Task brief
All of the entries below should be returned verbatim, apart from the pictures.

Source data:
____________

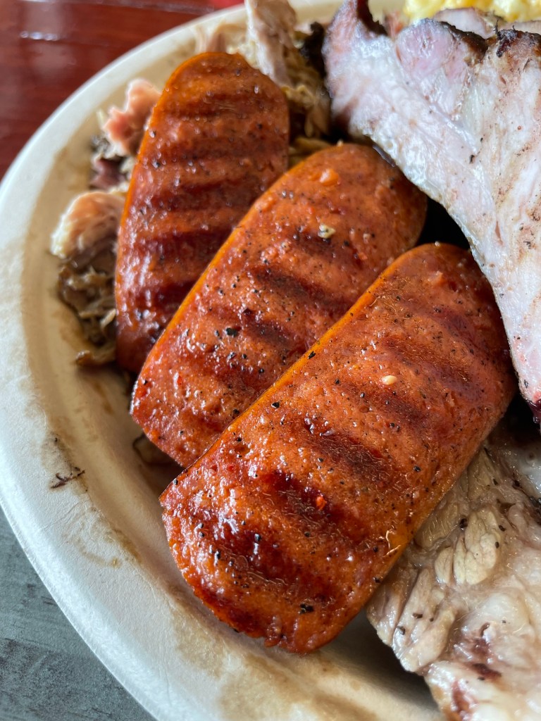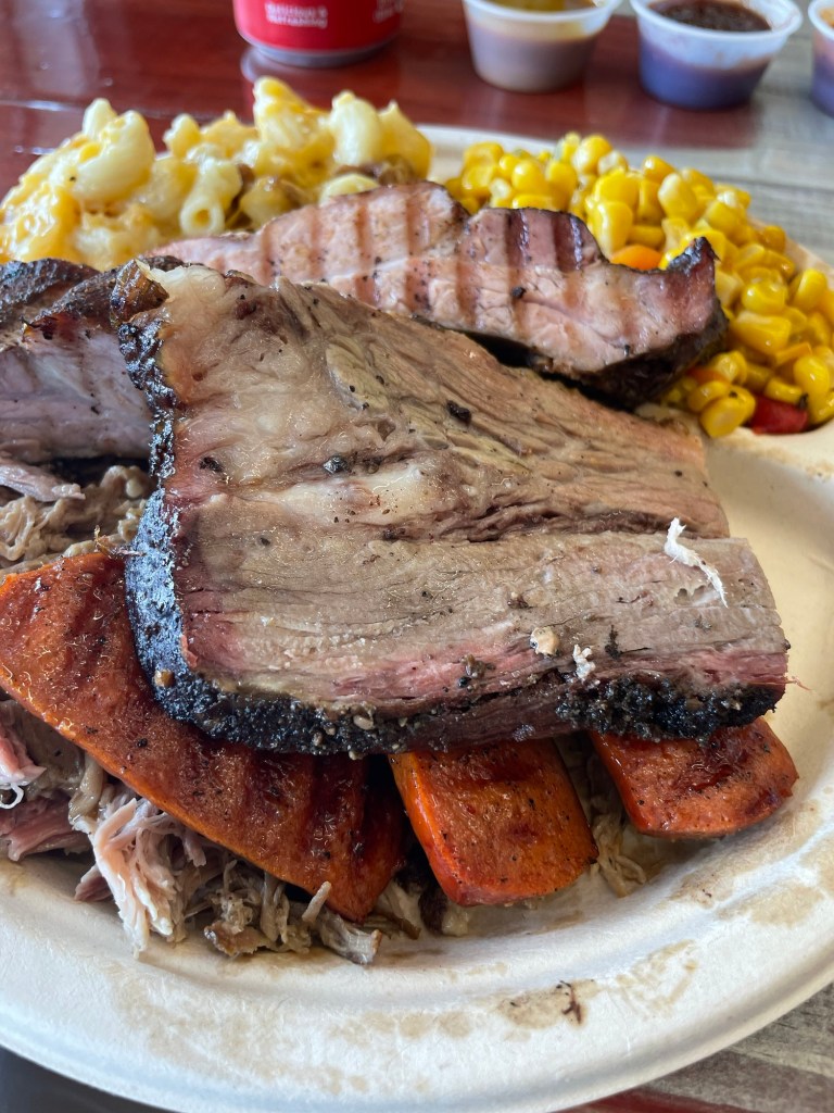 Description: A well-trimmed and thickly cut fatty slice that had a mild smoke ring, but also really good smoke and flavor running through it. While it looked overcooked, the meat was tender and juicy, with a pleasant smoke and seasoning to each bite. It could use a little more pepper, though, to bump it up a rank. But beyond that, a really good brisket, especially for using Pecan wood, which I typically don’t like for beef smokes. Would get again and possibly top 10 in the state
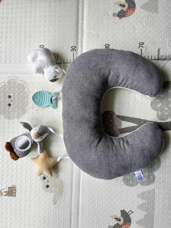 Двостороння подушка для немовлят для ігор на животику. Стан ідеальний Біла сторона мʼяка на дотик, нагадує велюр. Сіра сторона тканина. Додатково є іграшки, які добре пришиті: - гризунець - мʼякі іграшки - безпечне дзеркало
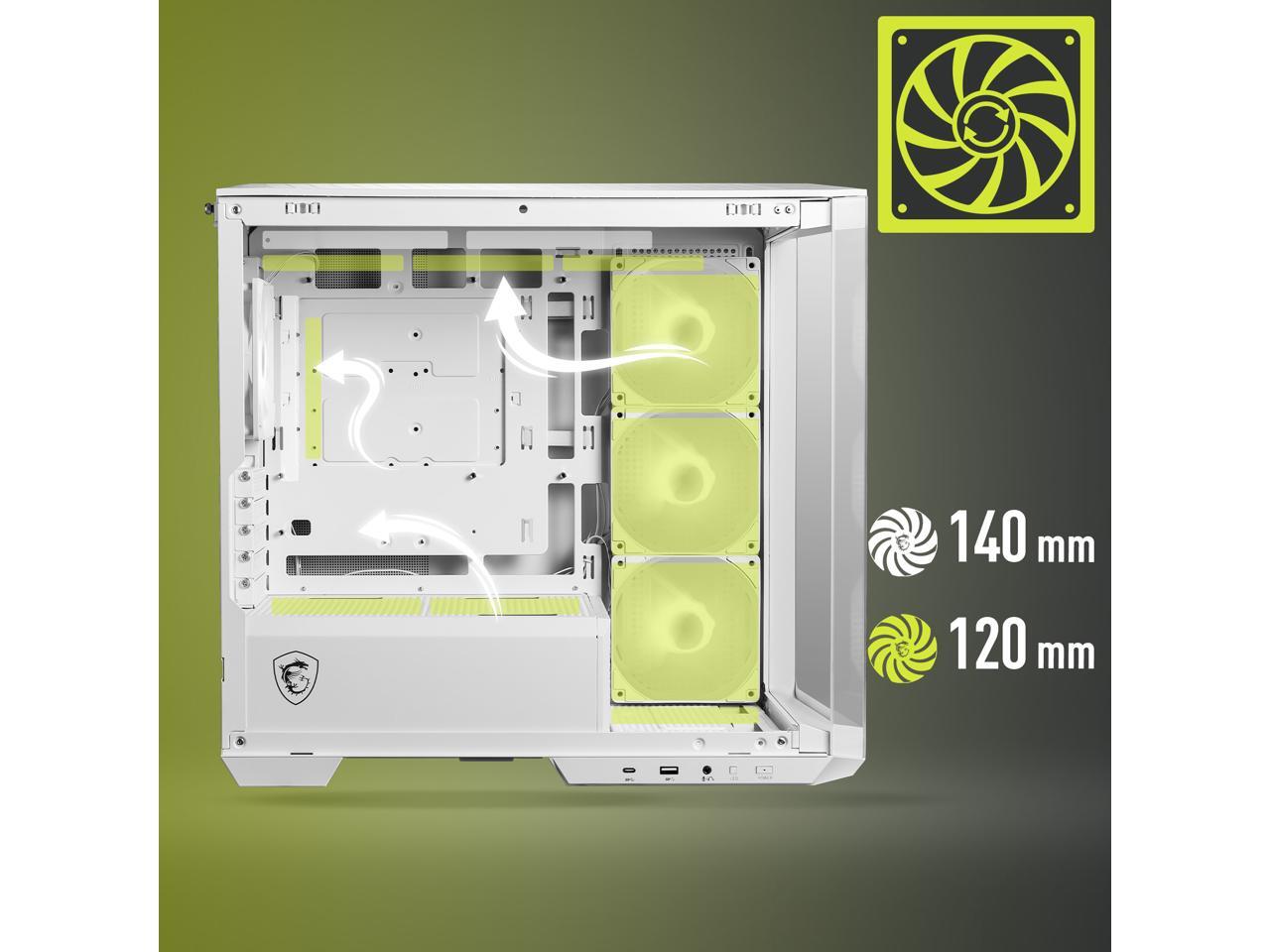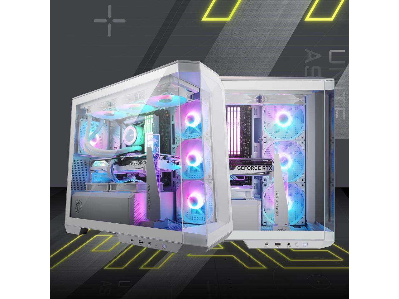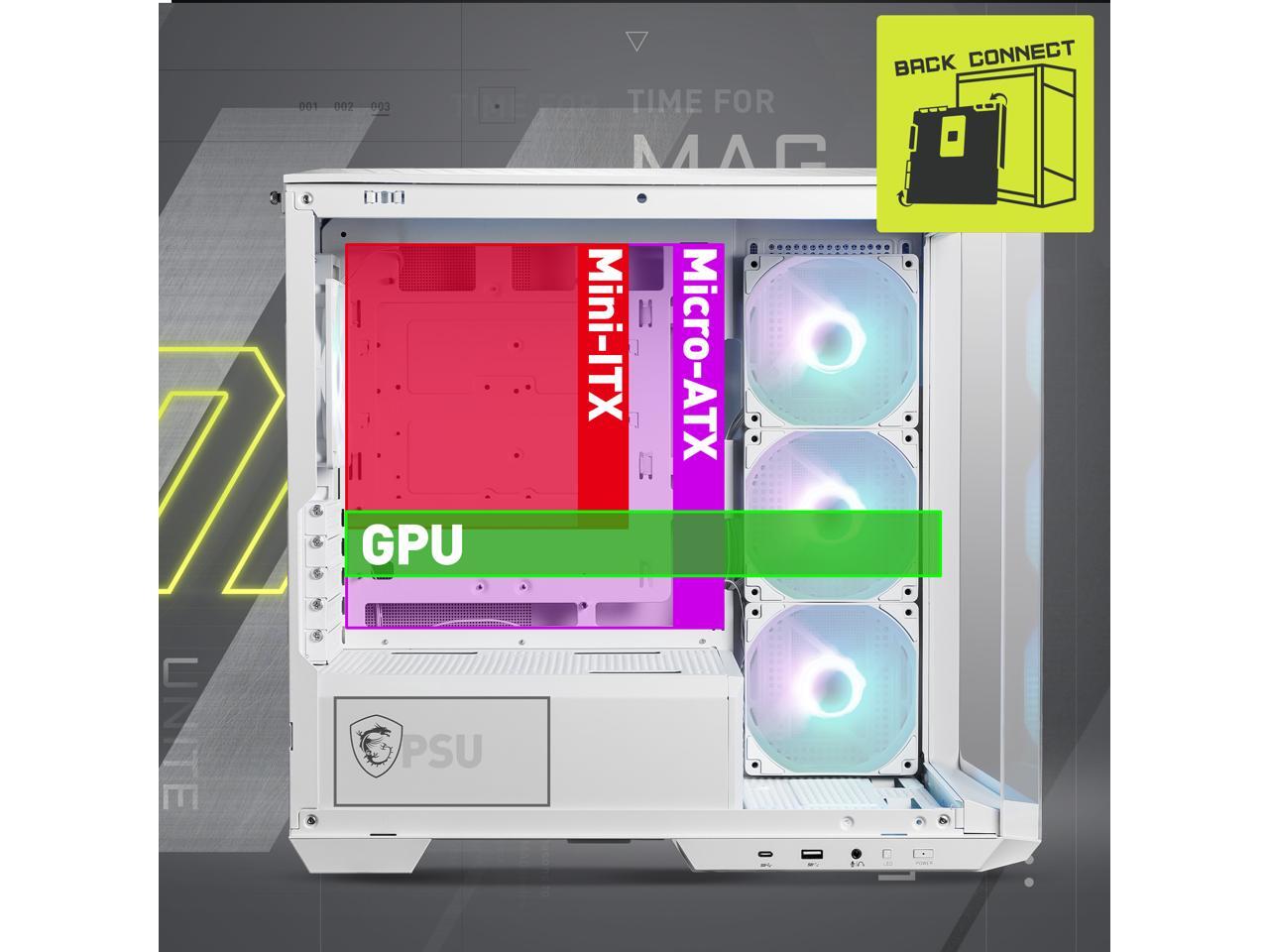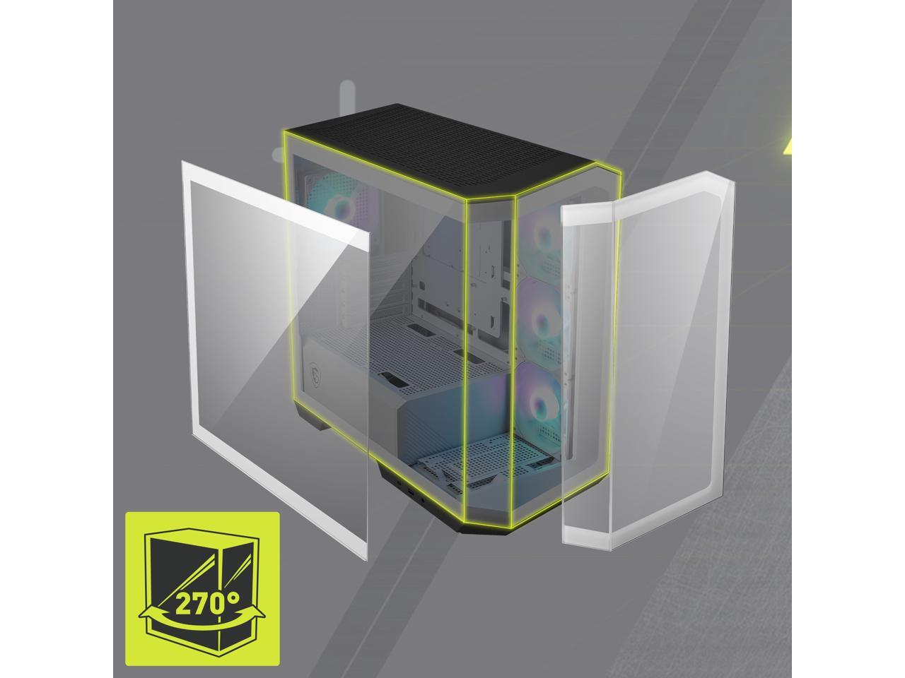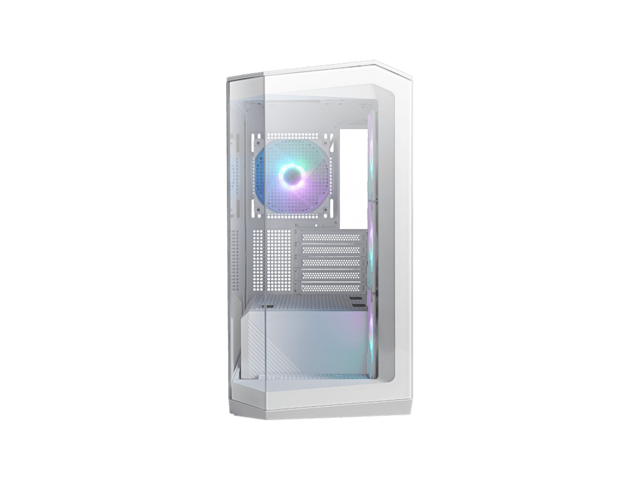MSI MAG PANO M100R PZ White Micro-ATX PC Case - Supports Back-Connect Motherboard, 4 ARGB Fans, Lighting Hub, GPU Support Stand, Dust Filters, USB Type-C (20Gbps), 270-degree Panoramic Display
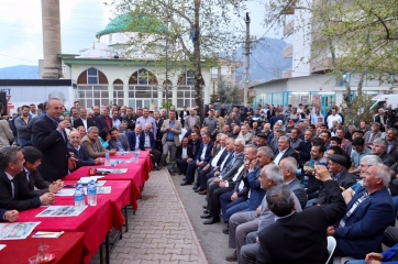 بالصور: جاويش أوغلو يطالب سكّان مسقط رأسه في أنطاليا بدعم الدستور الجديد
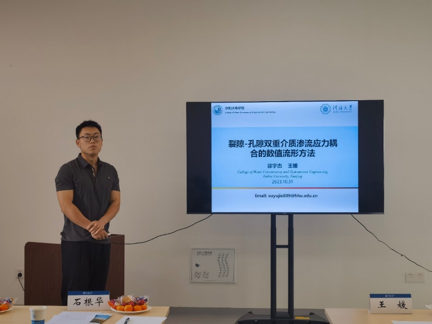 av漫画 徐宇杰博士研究生汇报的题目是“裂隙-孔隙双重介质渗流应力耦合的数值流形方法”。基于数值流形方法基本理论,系统推导了裂隙-孔隙双重介质渗流应力耦合分析中所有的势能项表达式。同时考虑以Biot多孔介质固结理论为基础的直接耦合作用、由裂隙的力学和渗透性质改变引起的间接耦合作用,开发适用于裂隙-孔隙双重介质模型的渗流应力耦合数值流形程序。
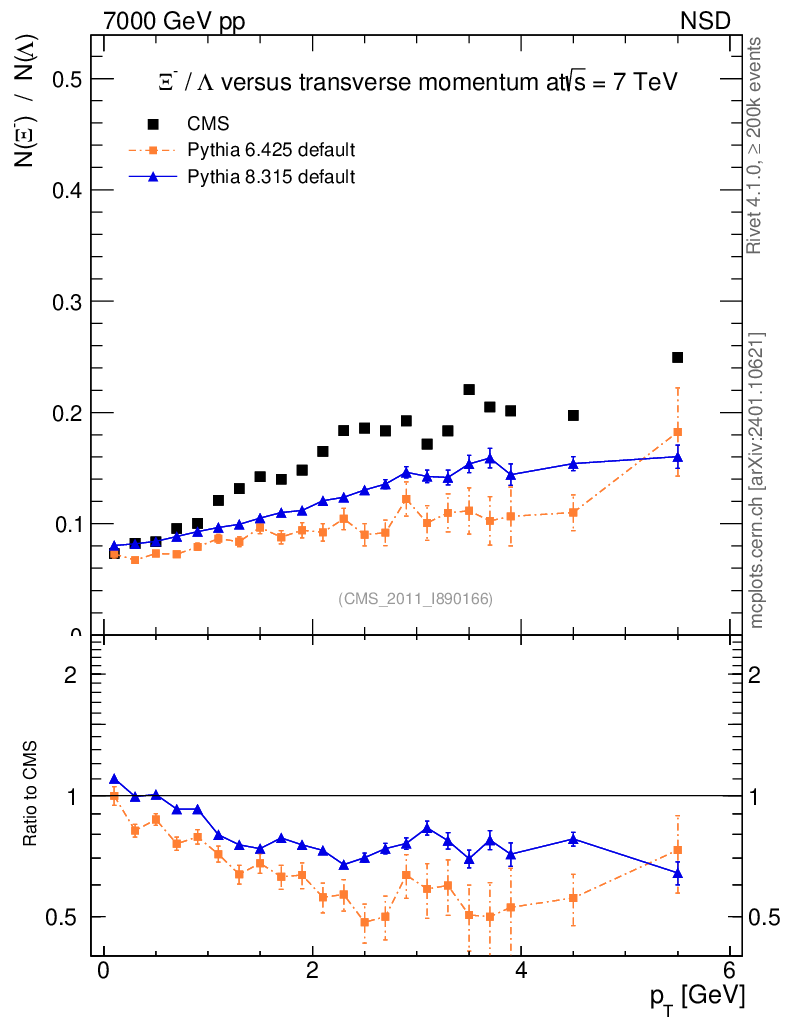Soft QCD (nsd only) : Identified Particles : Ratios : Ξ-/Λ vs pT
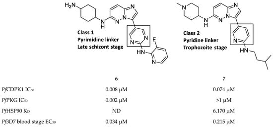 Imidazopyridazines are generally potent PfCDPK1 inhibitors, with some compounds demonstrating low micromolar to submicromolar activity against recombinant PfCDPK1 and P. falciparum erythrocytic parasites [23,38,39,40,41,42]. However, discrepancies between the enzymatic and whole-cell activities are generally reported for these compounds, which may be due to off-target activity or permeability issues [38,39]. Considerable effort was made to improve the selectivity and ADME (absorption, distribution, metabolism, excretion) profiles of imidazopyridazines, which resulted in compounds with well-balanced PfCDPK1 potency, permeability and in vitro activity against P. falciparum erythrocytic stage parasites [40,41,42]. Despite these efforts, studies still reported only modest in vivo activity in a P. berghei mouse model [39,40,41]. Further exploration of the mechanism of action of imidazopyridazines demonstrated that these compounds could be grouped into two classes based on the type of aromatic linker between the core and the R2 substituent (Figure 2) [23]. Class 1 compounds (6) had a pyrimidine linker and inhibited P. falciparum parasite growth at the late schizont stage, while class 2 compounds (7) had a non-pyrimidine linker and inhibited the trophozoite stage of P. falciparum. Two additional parasitic targets were also identified for imidazopyridazines: class 1 compounds inhibited PfPKG and class 2 compounds inhibited PfHSP90 (a chaperone protein of P. falciparum). These results suggest that the activity of imidazopyridazines against erythrocytic P. falciparum parasites is primarily due to inhibition of PfPKG and PfHSP90, rather than PfCDPK1 inhibition.
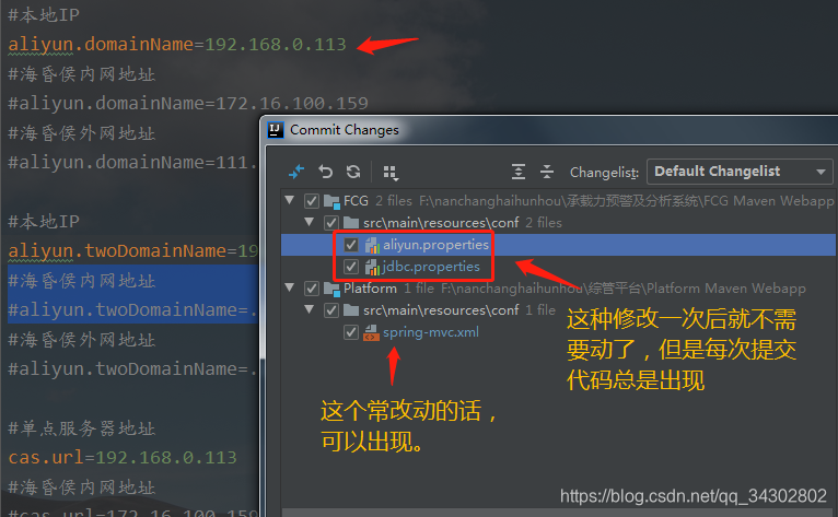4、以下文件比如绑定自己ip,这种为了自己能访问项目,不需要提交。但是在提交的时候总是跳出来,每次都要去掉勾选,觉得很烦,因为我们根本不需要提交这些文件。如下图

____________

Your solution
 Description: A well-trimmed and thickly cut fatty slice that had a mild smoke ring, but also really good smoke and flavor running through it. While it looked overcooked, the meat was tender and juicy, with a pleasant smoke and seasoning to each bite. It could use a little more pepper, though, to bump it up a rank. But beyond that, a really good brisket, especially for using Pecan wood, which I typically don’t like for beef smokes. Would get again and possibly top 10 in the state
 Двостороння подушка для немовлят для ігор на животику. Стан ідеальний Біла сторона мʼяка на дотик, нагадує велюр. Сіра сторона тканина. Додатково є іграшки, які добре пришиті: - гризунець - мʼякі іграшки - безпечне дзеркало
MSI MAG PANO M100R PZ White Micro-ATX PC Case - Supports Back-Connect Motherboard, 4 ARGB Fans, Lighting Hub, GPU Support Stand, Dust Filters, USB Type-C (20Gbps), 270-degree Panoramic Display
 بالصور: جاويش أوغلو يطالب سكّان مسقط رأسه في أنطاليا بدعم الدستور الجديد
 av漫画 徐宇杰博士研究生汇报的题目是“裂隙-孔隙双重介质渗流应力耦合的数值流形方法”。基于数值流形方法基本理论,系统推导了裂隙-孔隙双重介质渗流应力耦合分析中所有的势能项表达式。同时考虑以Biot多孔介质固结理论为基础的直接耦合作用、由裂隙的力学和渗透性质改变引起的间接耦合作用,开发适用于裂隙-孔隙双重介质模型的渗流应力耦合数值流形程序。
Soft QCD (nsd only) : Identified Particles : Ratios : Ξ-/Λ vs pT
 Imidazopyridazines are generally potent PfCDPK1 inhibitors, with some compounds demonstrating low micromolar to submicromolar activity against recombinant PfCDPK1 and P. falciparum erythrocytic parasites [23,38,39,40,41,42]. However, discrepancies between the enzymatic and whole-cell activities are generally reported for these compounds, which may be due to off-target activity or permeability issues [38,39]. Considerable effort was made to improve the selectivity and ADME (absorption, distribution, metabolism, excretion) profiles of imidazopyridazines, which resulted in compounds with well-balanced PfCDPK1 potency, permeability and in vitro activity against P. falciparum erythrocytic stage parasites [40,41,42]. Despite these efforts, studies still reported only modest in vivo activity in a P. berghei mouse model [39,40,41]. Further exploration of the mechanism of action of imidazopyridazines demonstrated that these compounds could be grouped into two classes based on the type of aromatic linker between the core and the R2 substituent (Figure 2) [23]. Class 1 compounds (6) had a pyrimidine linker and inhibited P. falciparum parasite growth at the late schizont stage, while class 2 compounds (7) had a non-pyrimidine linker and inhibited the trophozoite stage of P. falciparum. Two additional parasitic targets were also identified for imidazopyridazines: class 1 compounds inhibited PfPKG and class 2 compounds inhibited PfHSP90 (a chaperone protein of P. falciparum). These results suggest that the activity of imidazopyridazines against erythrocytic P. falciparum parasites is primarily due to inhibition of PfPKG and PfHSP90, rather than PfCDPK1 inhibition.
4、以下文件比如绑定自己ip,这种为了自己能访问项目,不需要提交。但是在提交的时候总是跳出来,每次都要去掉勾选,觉得很烦,因为我们根本不需要提交这些文件。如下图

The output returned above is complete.